Wednesday, October 7, 2009

The Lighthouse

Several years ago, for a graduate class, I wrote a personal narrative. This is breast cancer awareness month, so to honor my mother, I'm sharing it here on the blog.

The Lighthouse

The late afternoon North Carolina sun beat down on my burnt skin. Heat shimmered off the pavement. I reluctantly crawled out of the air-conditioned car and stood in the parking lot next to the lighthouse. I felt gross. After a day at the beach, I was sunburned, windblown, had sand in my shoes and that itchy feeling that comes from swimming in saltwater. My two boys, then eight and five, were tired and whiny.

“Why do we have to stop? We can see the lighthouse from the road.”

“I’m thirsty. I want to go to the pool.”

I explained for what seemed like the fiftieth time, “Because this is what Grandmom wants to do. You got to play on the beach all day. Grandmom wants to see the lighthouse.”

Actually, I was thirsty too, and the cool water of the pool sounded a lot more inviting than the inside of a musty old lighthouse. But my mom loved lighthouses. She collected little lighthouse figurines with the strict criteria that she displayed only the ones she had personally visited. My whole family vacationed on the Outer Banks every summer, but for some reason we hadn’t managed to visit the Currituck Lighthouse, even though it was the closest lighthouse to where we stayed. This year my mother was determined to visit it.

Two months earlier, my mom had been told that the breast cancer which had been “gone” for two years had spread to her liver and the bones in her right hip. She was in the sixth week of an eight-week chemotherapy cycle and would be flying home early to receive her weekly IV cocktail of cancer drugs.

She stood looking up at the stately red brick structure.

“I want to go to the top,” she announced.
“Do you think you can make it?” I asked anxiously.

My mom was a strong woman. Her quiet will and determination were legendary in my family, but I knew her hip had been bothering her, and she was weakened by the chemotherapy. My chest tightened as I imagined her slipping on the narrow staircase.

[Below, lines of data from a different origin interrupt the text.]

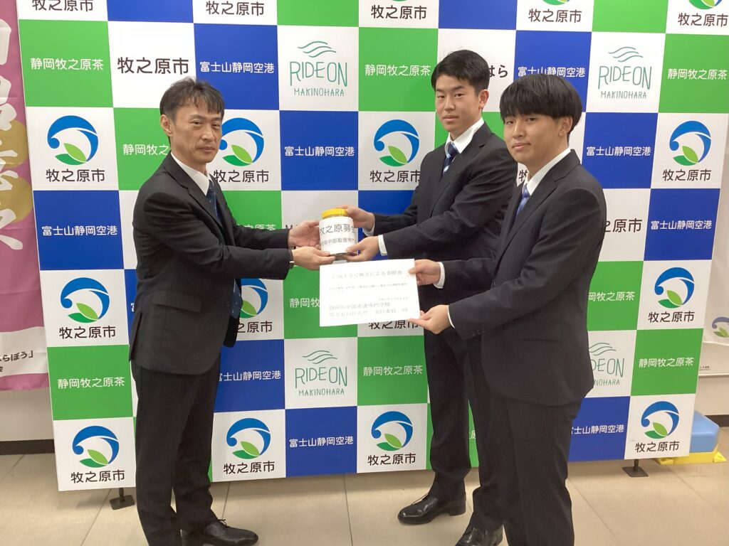 桂花祭での商品販売の収益の一部と合わせて12月22日、牧之原市に寄付をさせて頂きました。
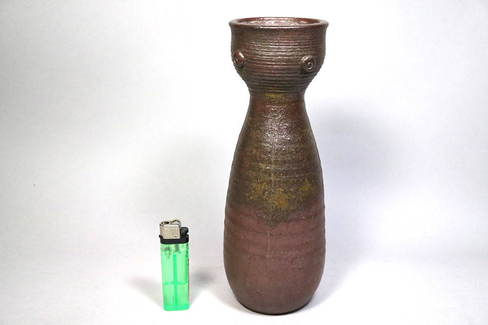 > ty21) 備前焼 陶弘/在印 擂座文 花入 花生 花瓶 ・箱無し <茶器 花器 花生 花入
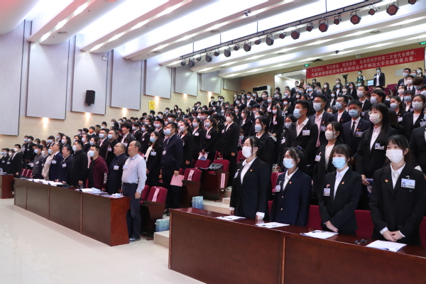 大会在庄严的国歌声中拉开序幕。
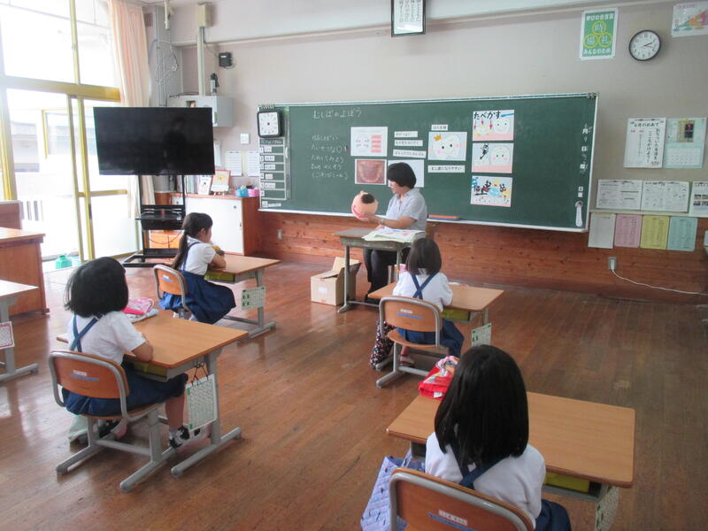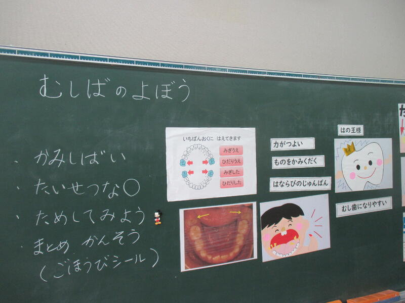 6月9日(金)5時間目、1・2年生の学活の時間に、担任と養護教諭によるティームティーチングで虫歯予防についての授業がありました。虫歯にならないためにどうすればいいかをしっかり学びました。
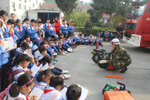 为丰富学生的消防知识,提高学生安全意识,10月24日下午,嵩山小学五四中队在辅导员的带领下,到淇滨区消防支队参加了消防安全体验活动。
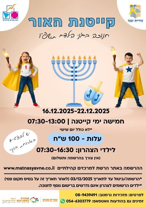 נפתחה ההרשמה לקייטנות חנוכה לילדי הגנים ובתי הספר ביבנה
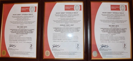 Məlumata görə, belə ki, “Buro Veritas Azeri” şirkəti tərəfindən keçirilmiş audit yoxlamalarının nəticələrinə görə, “Azneft” və Qaz Anbarlarının İstismarı İdarəsi İSO 9001:2015, İSO 14001:2015 və OHSAS 18001:2007 beynəlxalq standartları üzrə sertifikatlara layiq görülüb. Bununla bağlı, İB-nin aparatında təqdimetmə mərasimi keçirilib.
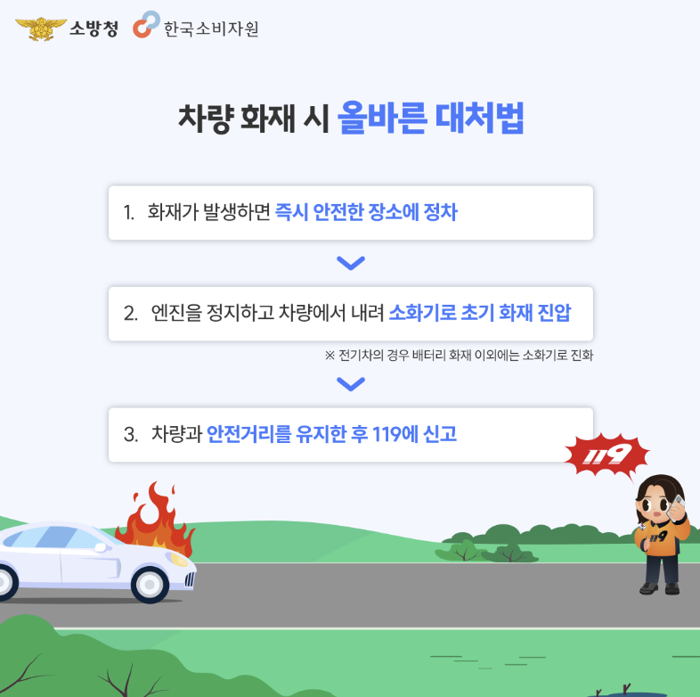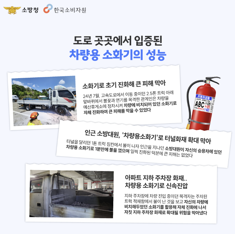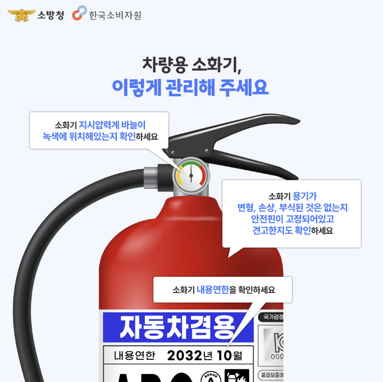 소화기를 준비하고 관리하는 작은 실천이 우리의 안전을 지키는 첫걸음이 될 수 있습니다. 만일 아직 차량용 소화기가 없다면 자동차 겸용 소화기를 준비하시고 정기적으로 상태를 점검해 주세요. 화재 없는 안전한 도로 환경을 만들기 위해 모두가 함께 노력해야겠습니다.
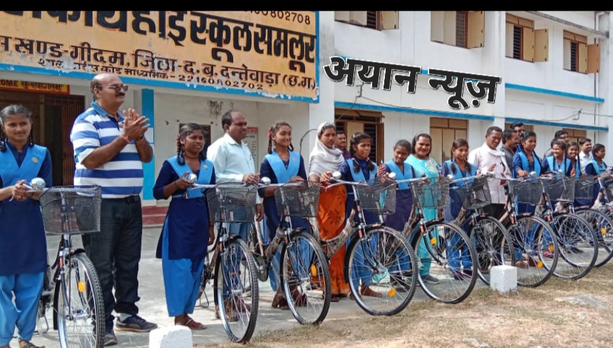 सरस्वती साइकिल योजना के तहत हाई स्कूल समलूर में किया साइकिल का वितरण
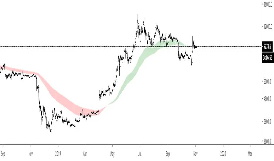 This is a 150 ema and 250 ema cloud. Ema's can act as support and resistance. Instead S/R being a single line on the chart S/R is seen more as an area on support and therefore a cloud is more suitable in defining the area around the 200 ema.
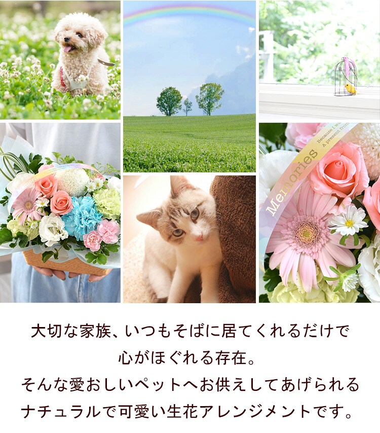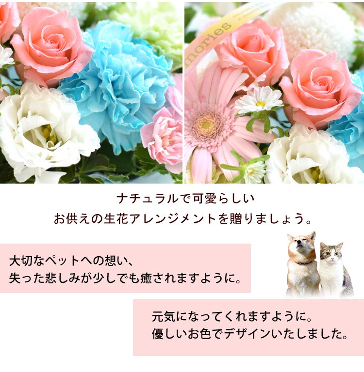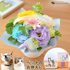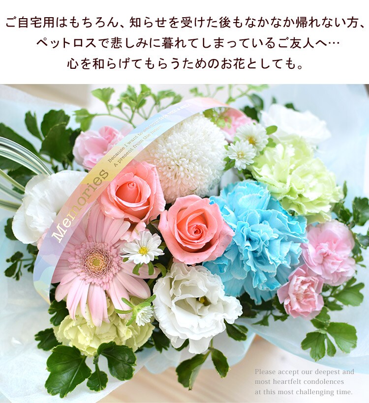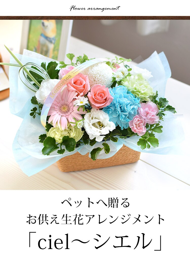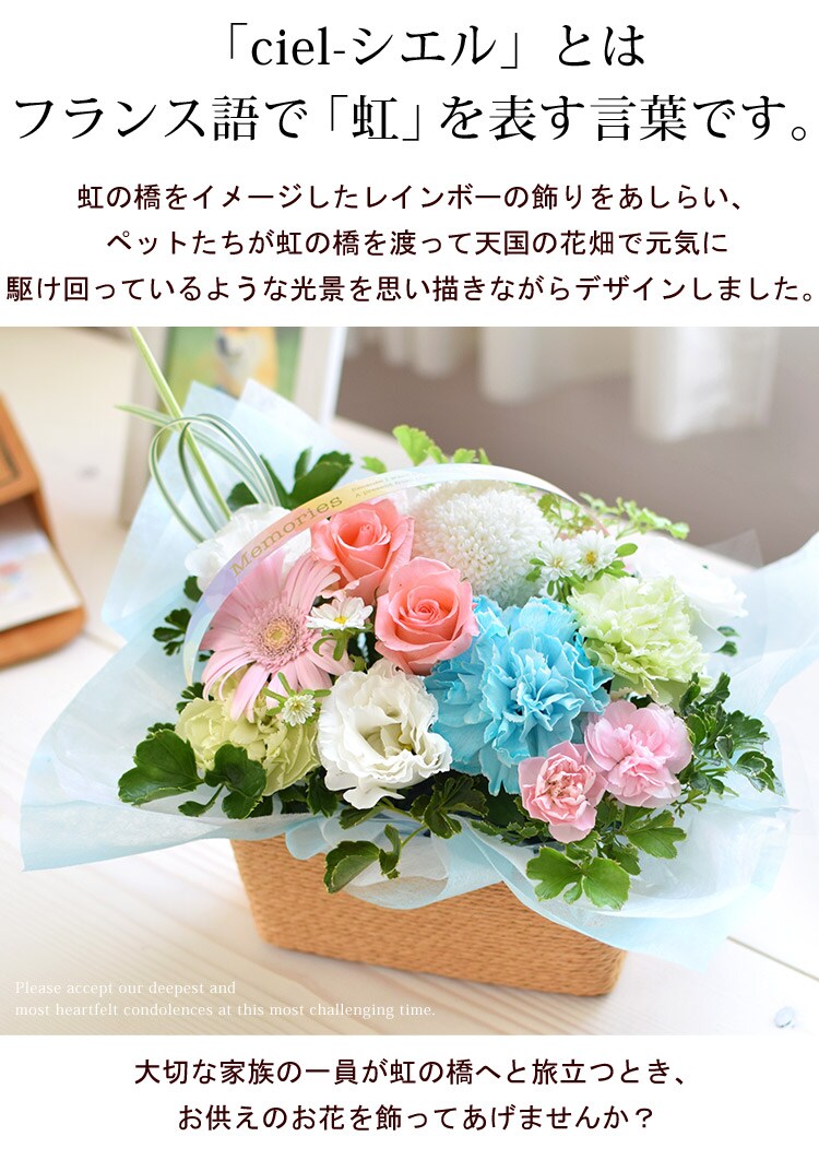 ペットに贈るお供え生花アレンジメント「ciel-シエル」&7色のお線香セット【手提げ袋付】※北海道・沖縄はお届け不可 花由

“I want to go to the top,” she repeated firmly. “Bruce can follow me in case I slip. It’ll take a while, but I can do it.”

I sighed. Of course, the decision had been made the moment she announced her desire to go to the top. The kids were delighted by the idea. Suddenly, the lighthouse seemed more exciting, an adventure to be had. They raced ahead with my brother and his daughter. My mom started slowly up the iron staircase with me in front of her and Bruce behind.

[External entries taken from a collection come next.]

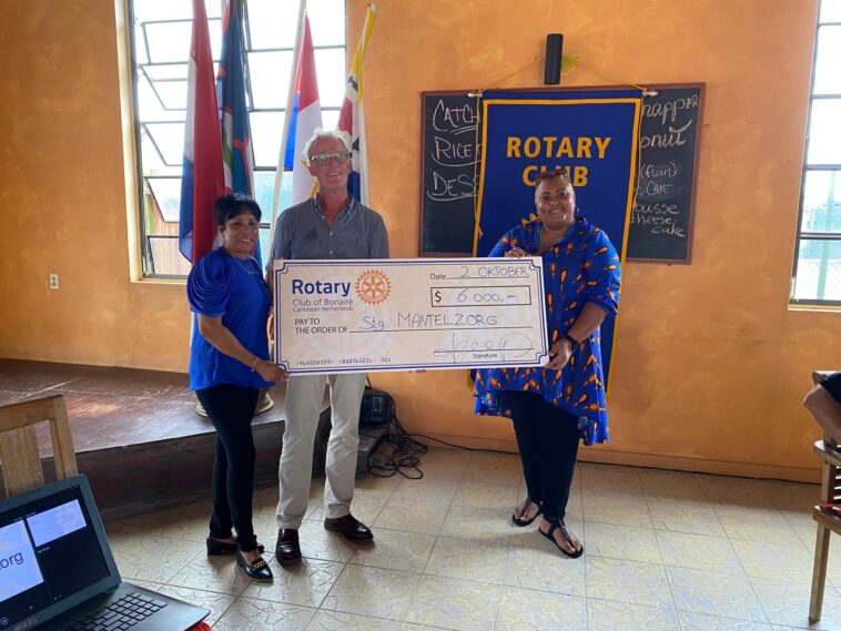 Kralendijk,- Rotary Club Bonaire (RCB), e aña aki atrobe, a kontribuí ku un donashon finansiero na Fundashon Mantelzorg.
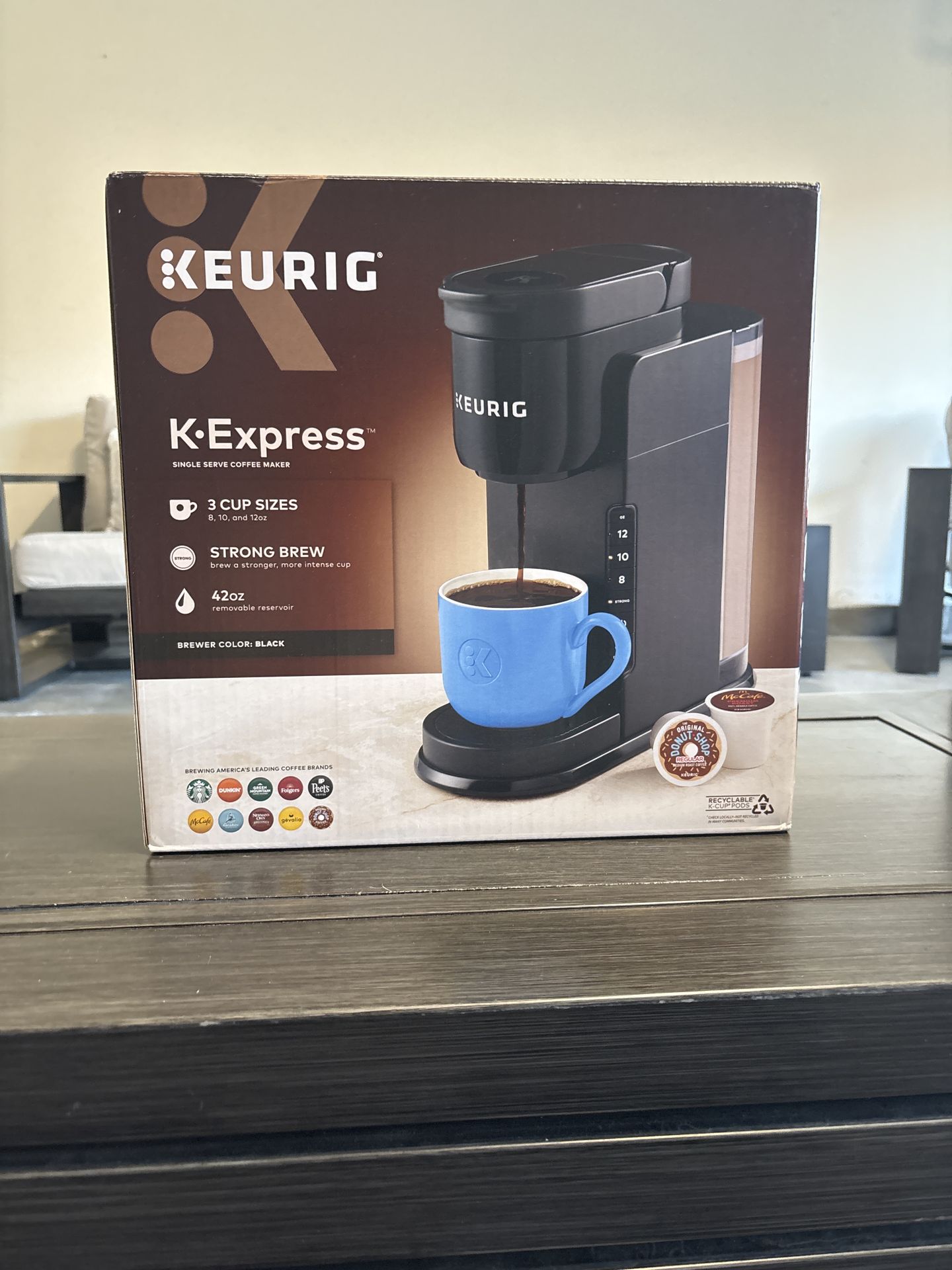 Brand new Keurig K-Express coffee maker with 3 cup sizes (8, 10, 12 oz), strong brew for bolder flavor, and a 42oz removable water reservoir. Fast, compact, and works with K-Cup pods. Unused, box in perfect condition.
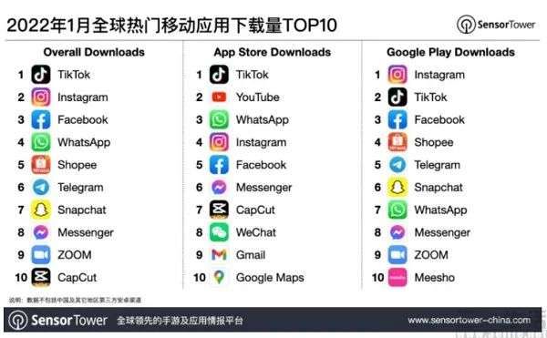 日前,根据SensorTower公布的相关数据显示,2022年1月抖音及其海外版TikTok以近6700万下载量,继续蝉联全球移动应用(非游戏类)下载榜冠军、同比增长7.1%。
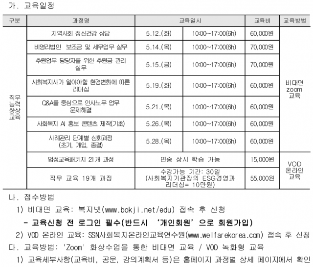 (한국사회복지협의회) 2026년 5월 직무능력향상교육 안내

It was excruciatingly slow. She stepped up with her left foot, grabbed the rail with her left hand, and then painfully pulled her cancer-riddled right hip up to the next step. She labored up and around that spiral staircase. Step, grab, pull. Throngs of people passed us, and the kids went up and down twice as we slowly wound our way to the top. We didn’t talk much. Mom was concentrating all of her energy on the next step. Step, grab, pull. Two hundred fifteen times she repeated that painful process.

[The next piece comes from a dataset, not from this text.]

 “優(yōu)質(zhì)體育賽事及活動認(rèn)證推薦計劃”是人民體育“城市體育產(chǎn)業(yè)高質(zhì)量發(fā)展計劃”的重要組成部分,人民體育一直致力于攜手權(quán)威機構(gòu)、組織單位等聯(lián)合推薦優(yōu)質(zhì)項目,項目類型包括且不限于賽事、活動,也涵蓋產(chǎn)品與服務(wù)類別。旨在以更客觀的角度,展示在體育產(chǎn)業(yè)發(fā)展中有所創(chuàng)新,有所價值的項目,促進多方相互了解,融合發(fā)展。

I was so caught up in the rhythm of the climb, looking behind at Mom instead of ahead to the top, that it took me a bit off-guard when we finally reached it. I stepped out of the damp, dark lighthouse and onto the platform. The sun shone brilliantly, blinding me for a moment as it reflected off the waters of the Currituck Sound to the west and the Atlantic Ocean to the east. The din of voices and the sound of people clamoring up the iron staircase were abruptly silenced, replaced by the steady rush of the wind.

Mom limped to the rail and gazed for a long time at the sea. To the stranger’s eye, I’m sure she appeared small, weight and hair lost to the harshness of chemotherapy. I have never seen anything as strong and beautiful as my mother in that moment.

She smiled at me and said, “I made it.”

I wondered how I could have ever doubted she would. Her reverie was eventually interrupted by her three grandchildren as they ran over to show her all the things they could see from the lighthouse. She was as excited as they were, pointing out every familiar landmark on the narrow island. Finally, it was time to go back down. The descent was slow, but somehow it didn’t seem as hard. Mom was energized by her achievement and its reward.

Mom made it back to the Outer Banks two more times and added the Cape Hatteras and Bodie Island Lighthouses to her collection. Throughout my life, my mother taught me the value of setting goals and working hard to achieve them, but never was the lesson more powerful than when I stood next to her at the top of that lighthouse.

I keep a picture of the Currituck Lighthouse on my living room wall and my mother’s strong steady light in my heart.

1 comment:

  1. What a beautiful tribute. Your mother sounds like a very special person and it's wonderful you have this terrific memory of her.